However, dealing with genres pose two important aspects, (i) What are most important and relevant genres to be considered? and (ii) and what factors explicitly help distinguish the genres. In general, the complexity of a web page is heterogeneous in nature, i.e., despite prescription of what is genre, it may be found that genres tend to overlap and mix [4, 5]. For instance, the Google search engine has tabs for ‘Maps’, ‘News’, ‘Images’, ‘Videos’ etc., to segregate content according to presentation style, rather than topic. However, the web page information are not classified according to genres, and as a result the user is unable to specify the category of search content style like ‘Report’ or ‘Wikipedia’ or ‘e-Commerce’, which may be more specific in accordance to the search interest itself. Thus, classification of web pages into genre is a challenging task as the information sought is specific to certain appropriate features that describe the web page in context of a genre.

However, beset with difficulties the need has been realized to have an extra classification scheme, particularly in terms of genre. As of date, the web genre classification distinguishes between pages by means of their style, presentation layout, form and meta-content features rather than topic. Genre adds an extra dimension to the classification of web pages, with improved search results. In order to classify the web pages we require specific features through which the genres can be classified. This forms the objective of the current work.

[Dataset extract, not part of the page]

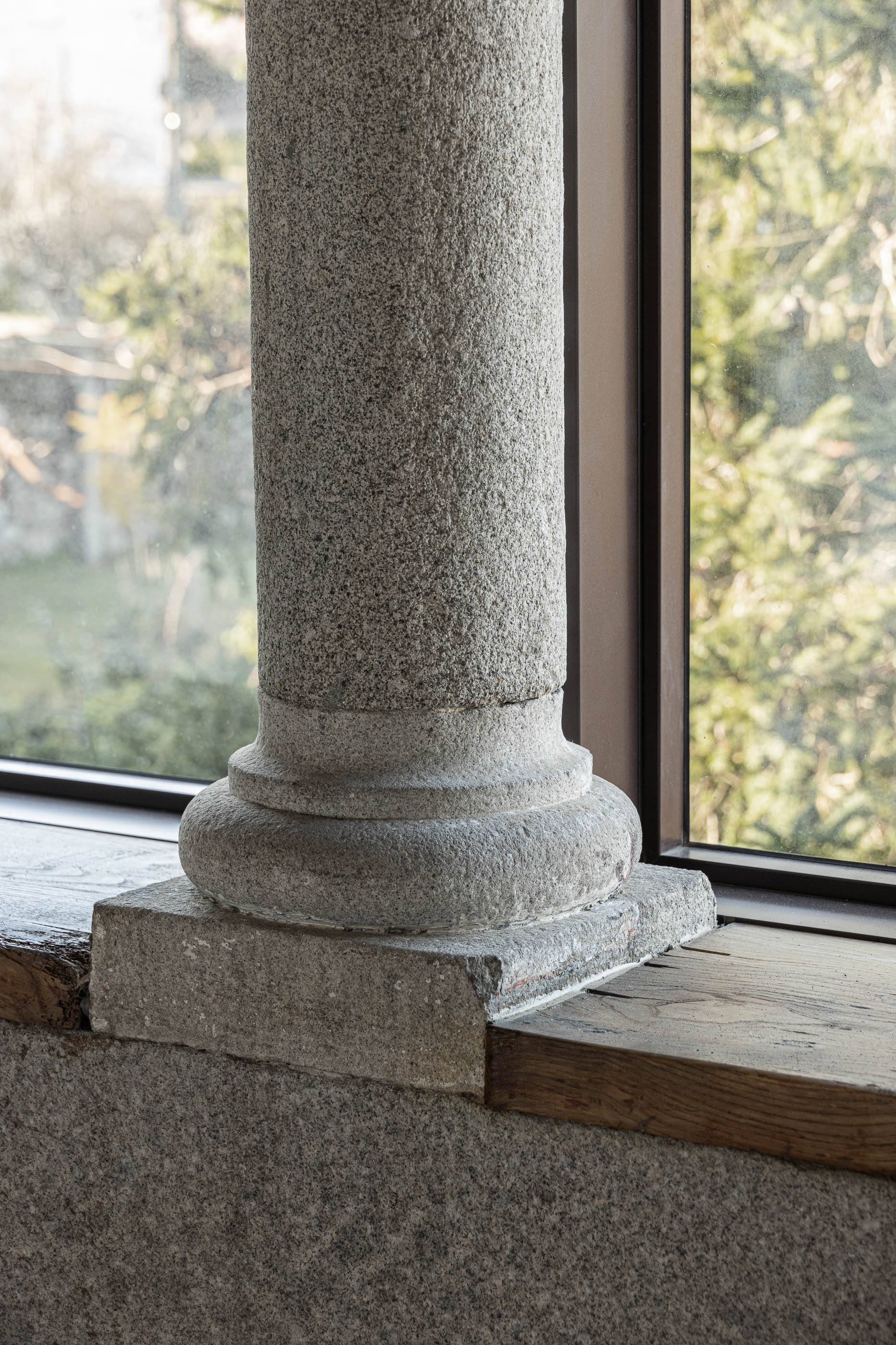 A remodelação incluiu a adaptação de um compartimento exterior para cozinha e casa de banho. No varandão nascente, a remoção de uma parede de tabique degradada restituiu a visibilidade das colunas de granito, sendo substituída por um grande envidraçado, mantendo o espaço fechado.

Assuming that a set of independent HTML metrics can be identified and that a combination of these metrics can aptly describe the genre of a given website, we propose that there exists a threshold value associated with each metric, on the basis of which one can classify the web pages. Provided that there exists such a scheme, and that the underlying methodology is simple, it may be then guaranteed that information retrieval from web would be fast and accurate and be quite simpler to handle large databases. As a case study, we try to identify websites related to “Travel and Tourism” and “Social Media” from a sample space containing genres such as “E-Commerce”, “Social Media”, “Entertainment”, and “News”. Using statistical analysis of the data distribution, a systematic methodology is being developed for identifying the thresholds of the web metrics by exploiting inherent internal characteristics of the HTML metrics. The thresholds of selected web metrics are then utilized for building models to predict genre of website using machine learning techniques.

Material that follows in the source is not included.